Background: To explore the effect and mechanism of hippocampus on experimental orthodontic pain-induced anxiety.

Methods: Herein, we document a novel modeling method whereby the nickel-titanium (Ni-Ti) orthodontic wire was fixed stably in the oral cavity of mice with a ligation technique to induce stable distal movement of maxillary incisors to mimic orthodontic tooth movement. At the experimental endpoint, serum corticosterone assay, Golgi staining and Micro-CT were performed in each group after oral-facial mechanical pain sensitivity assessment and open field test.
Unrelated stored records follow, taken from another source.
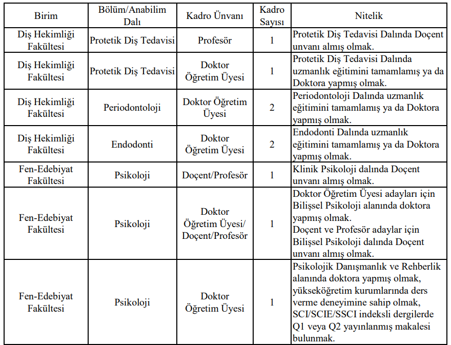 Üniversite; profesör, doçent ve doktor öğretim üyesi unvanlarında olmak üzere çeşitli bölümlere akademik personel istihdam edecek. Adaylardan, unvana göre farklı belge ve nitelikler talep ediliyor.
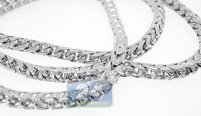 14K White Gold 12.00 ct Diamond Franco Mens Chain 5 mm 30 Inches
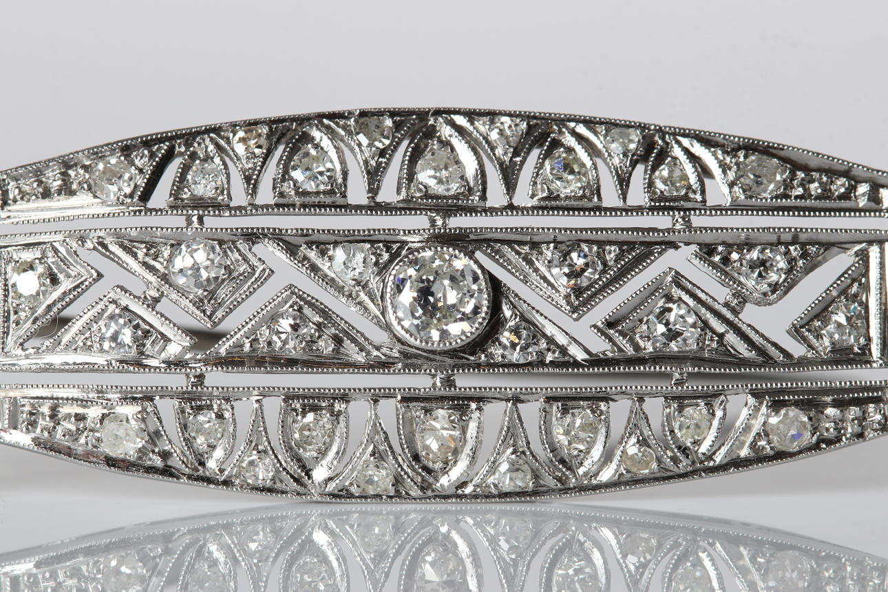 Platinum, unstamped, with brilliant and 8/8-cut diamonds, total approx. 0.65 ct.
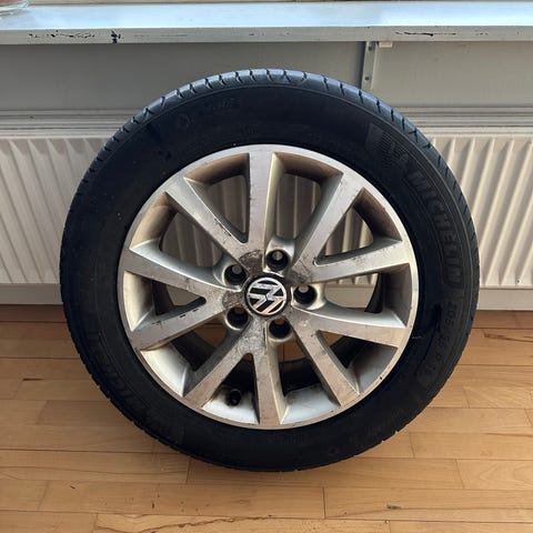 4 Rial fælge med dæk. Det ene dæk er defekt. Inkl bolte
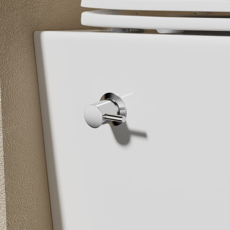 Gemaakt van antibacterieel keramiek van klasse A, is de pot voorzien van een Thermodur-zitting met softclose-mechanisme, wat zorgt voor een stille en zachte sluiting. Bovendien heeft de binnenpot geen rand, wat de groei van bacteriën voorkomt.
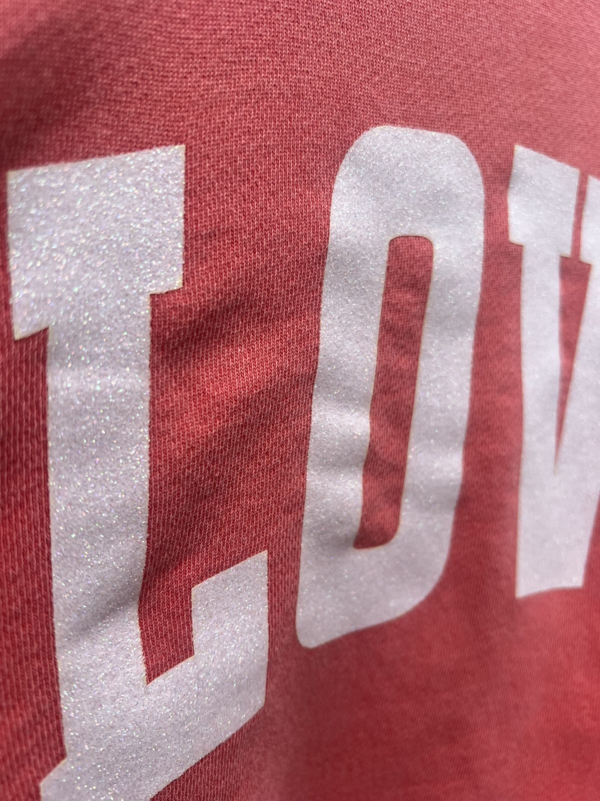 Sweat « LOVE » rouge délavé et blanc pailleté
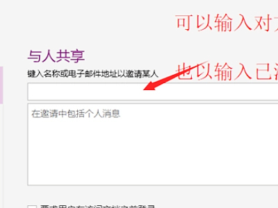 3、来到共享笔记本页面,如果想要私密共享,则点击与人共享栏,在右侧如图所示位置输入对方的Microsoft账号。
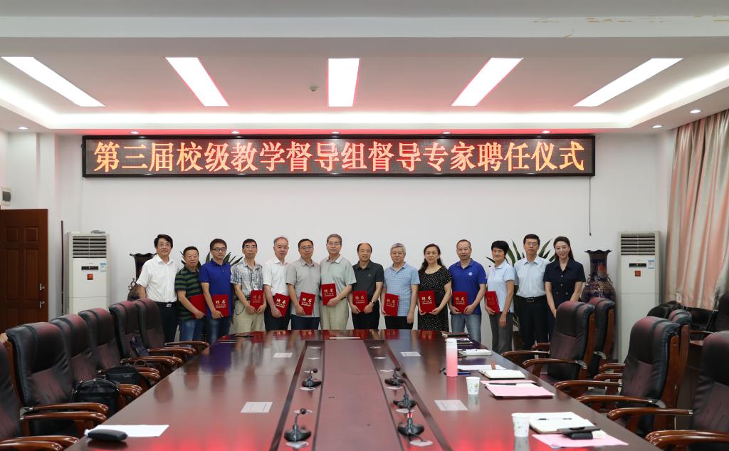 7月17日上午,学校在沣惠校区教学楼九楼会议室举行第三届校级教学督导专家聘任仪式。校长曹庆年、副校长宋文学、质评处、教务处、学生工作部(处)、各二级学院负责人及教学督导组全体成员参加了会议。会议由质评处处长刘宁主持。

Results: The mechanical pain sensitivity of experimental tooth movement pain (ETMP) mice had an apparent increased elicited following tooth movement. And anxiety-like behavior was developed: reduced the time proportion of center zone and the total moving distance in the open field test and the elevated serum corticosterone levels in ETMP mice relative to control group mice. The Golgi staining in ventral hippocampal CA1 revealed that neural spine density, dendritic length and number of dendrites are reduced markedly in ETMP mice compared with the control group.

Conclusion: Experimental orthodontic pain drives emotional anxiety through the plasticity changes in decreased neuronal complexity and reduced spine density in ventral hippocampal CA1 in mice.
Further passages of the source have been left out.